No one likes having their own words used against them. Morgus rounds on her, spitting vituperation. As her attention shifts Kal looks sidelong at Fern, a sly sardonic smile on his misshapen face. “It is good to know that the coven sisters still exude so much sisterly love,” he remarks. Morgus turns back with a word, a gesture, so swift that there is barely a break in her tirade. The sudden whiplash of power knocks him down like a blow: he sprawls on the ground, helpless and ungainly, before snapping his body into a huddle from which he glowers, red eyed, rubbing a mark like a burn on his chest. Fern has never seen Morgus use her strength in such a way before and the ease, the carelessness of it is terrifying. She recalls lashing out herself once, at the house-goblin—a reflex of anger without thought—but she made no contact, caused no pain. She finds herself clutching right hand in left as if to keep it under control.
Sysselore cowers under the diatribe with the resentful cringing of a subordinate who feigns submission while plotting a petty revenge. The long habit of sisterhood has engendered certain rules between them: conflict is only ever verbal. Morgus stops as abruptly as she began; her black
gaze veers, finding the girl. “Are you enjoying the spectacle, Fernanda?” she asks.
Fern shrugs. “A family squabble.”
Morgus laughs—her mouth splits and widens, the soft flesh shifts and re-forms itself around the red hole of her mirth. “Do you see this?” she says at last, indicating the hunched figure on the ground. “This was a mistake. Learn from it. I had a son once, when I was young: his father was a king whose legend they still remember.”
“He was your half brother,” mutters Sysselore.
“Irrelevant. My son was handsome and proud, though with little Gift, but he was also impatient and greedy. Ambition and rancor destroyed him. When I saw he was flawed I set out to make myself a better child. I took the seed of a god and warmed it into mortal life, I infused it with a phantom drawn from the ether. It was a magic like no other—”
“Galataea,” murmurs Sysselore. “The flower bride of Llew LlawGyffes.”
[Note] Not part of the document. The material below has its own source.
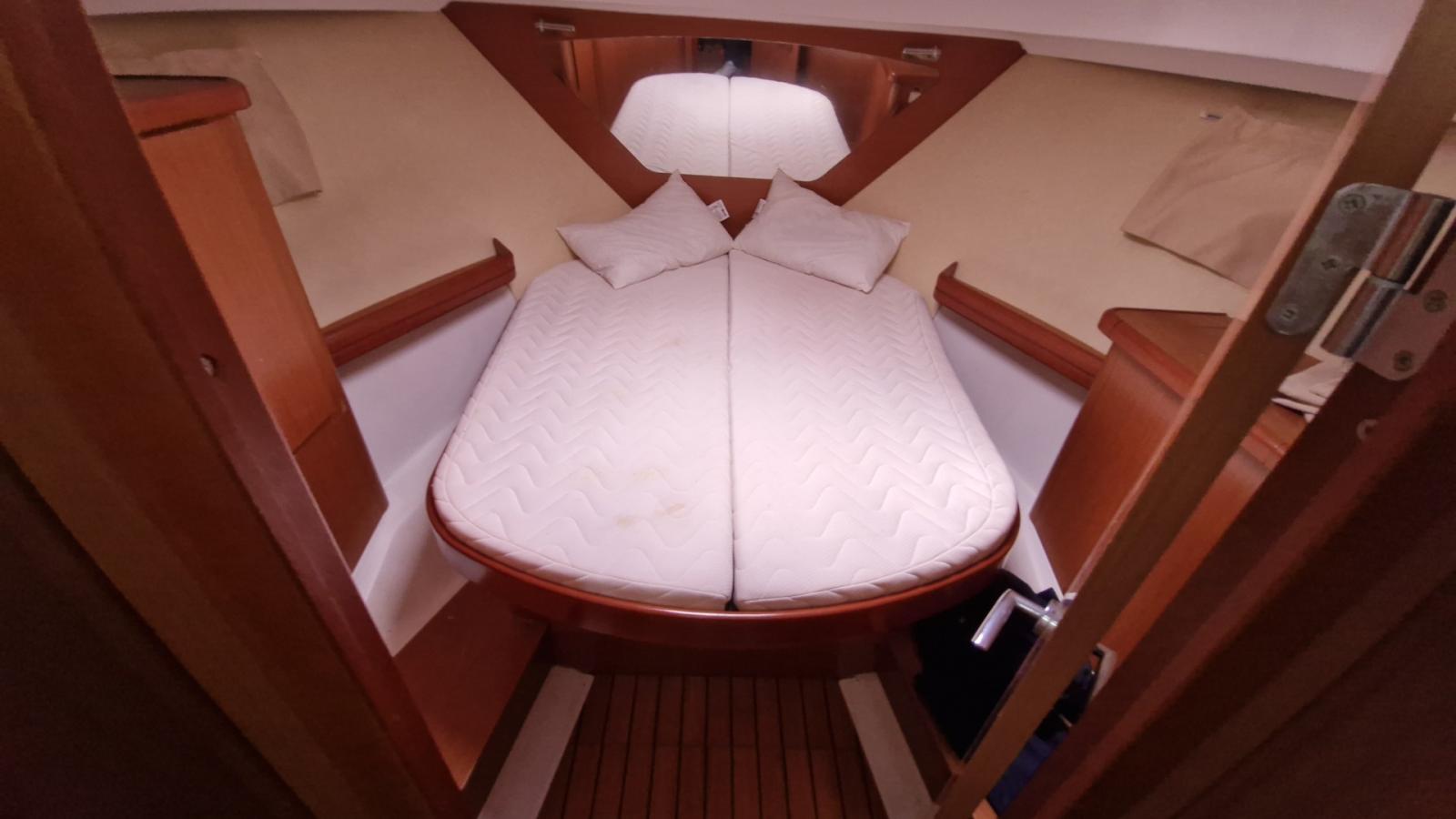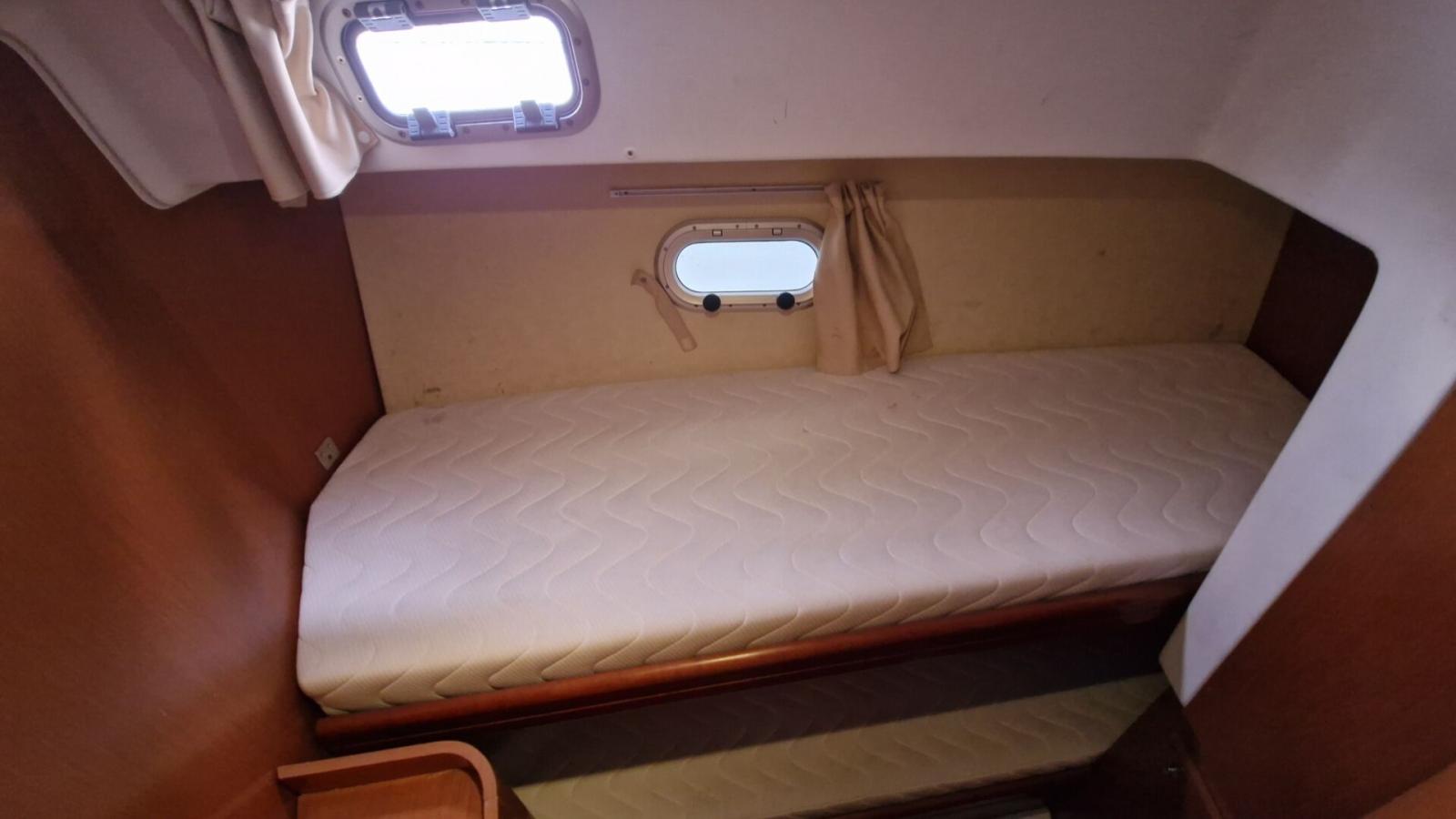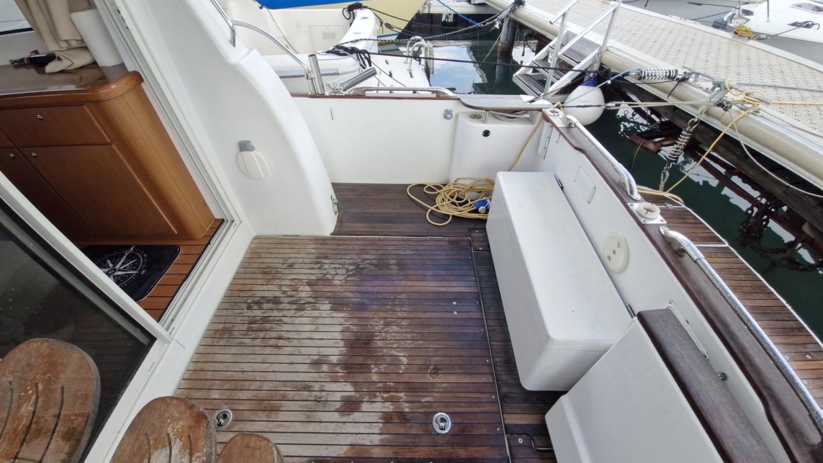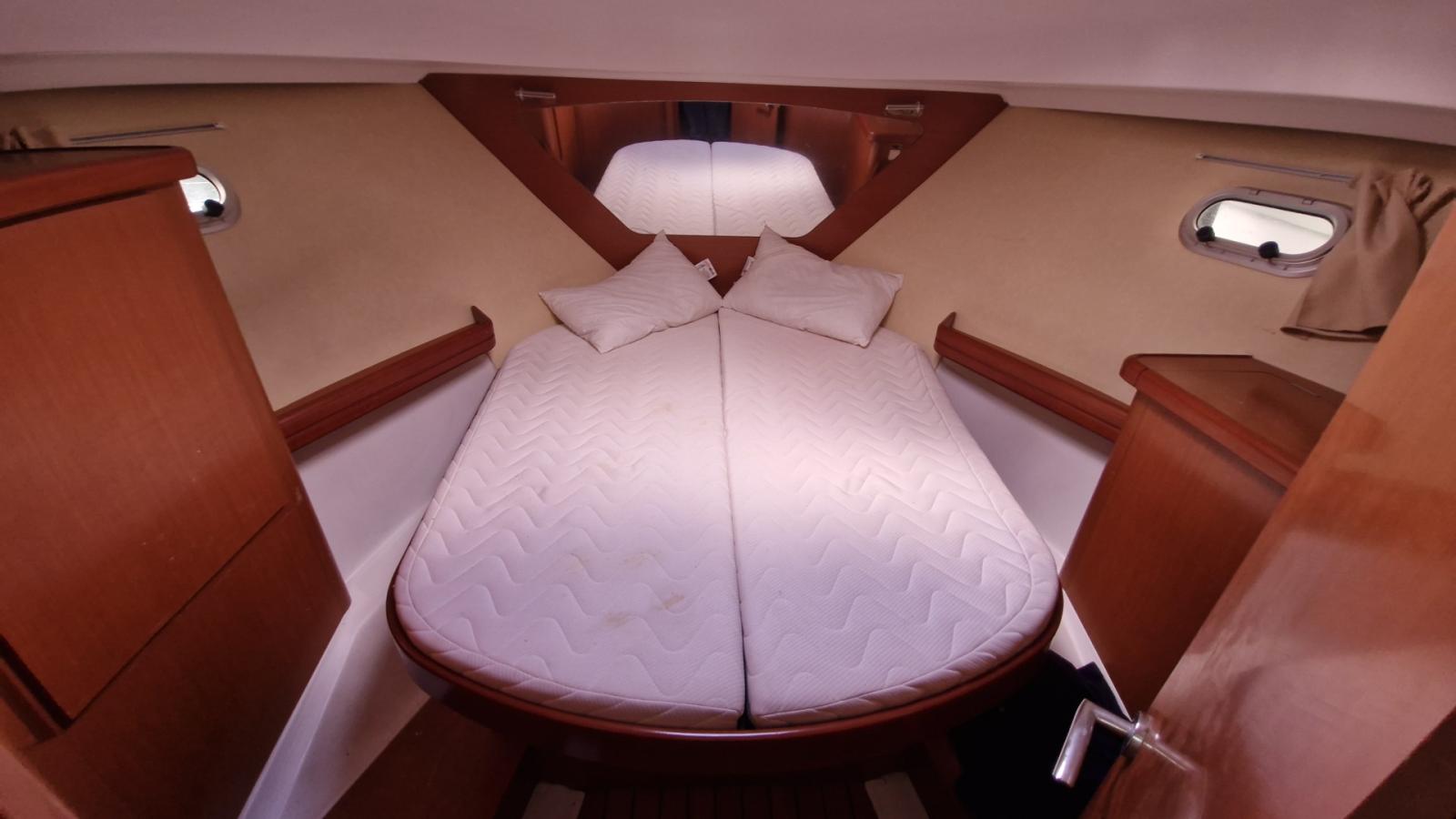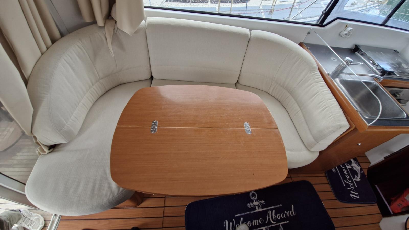 Flybridge, Cockpit teck, Éclairage cockpit, Plateforme de bain teck allongée, Carré transformable, 2 cabines, Couchettes simples et doubles, 7 couchages, Salle d’eau, Cuisine en long, Four / Micro-ondes combi, Chauffe-eau, Bain de soleil avant, Coussins cockpit, Bimini, Taud de camping microperforé, Taud de parebrise.

“Galataea was a statue, a receptor put to a different use. Blodeuwedd was a doll made of forget-me-nots and love-in-idleness. My experiment was with flesh and blood—my flesh, my blood. I nursed it like a fragile plant and it grew in my belly like a tumor. When it emerged I saw—this. Neither Man nor Spirit, a monster from infancy, crawling in his own dirt. I gave him to a peasant half-wit and he drank in stupidity with her breast milk. When he was older, he used what little power he had to sneak and steal, growing only in vice—the crude vices that spring from a mean imagination, from brute sensuality and bile. I had named him after Caliburn, the sword of fame and fable. Now he is Kaliban, a byword for a beast. I let him live as a reminder. The Ultimate Laws can be bent but not broken. Look at him and learn.”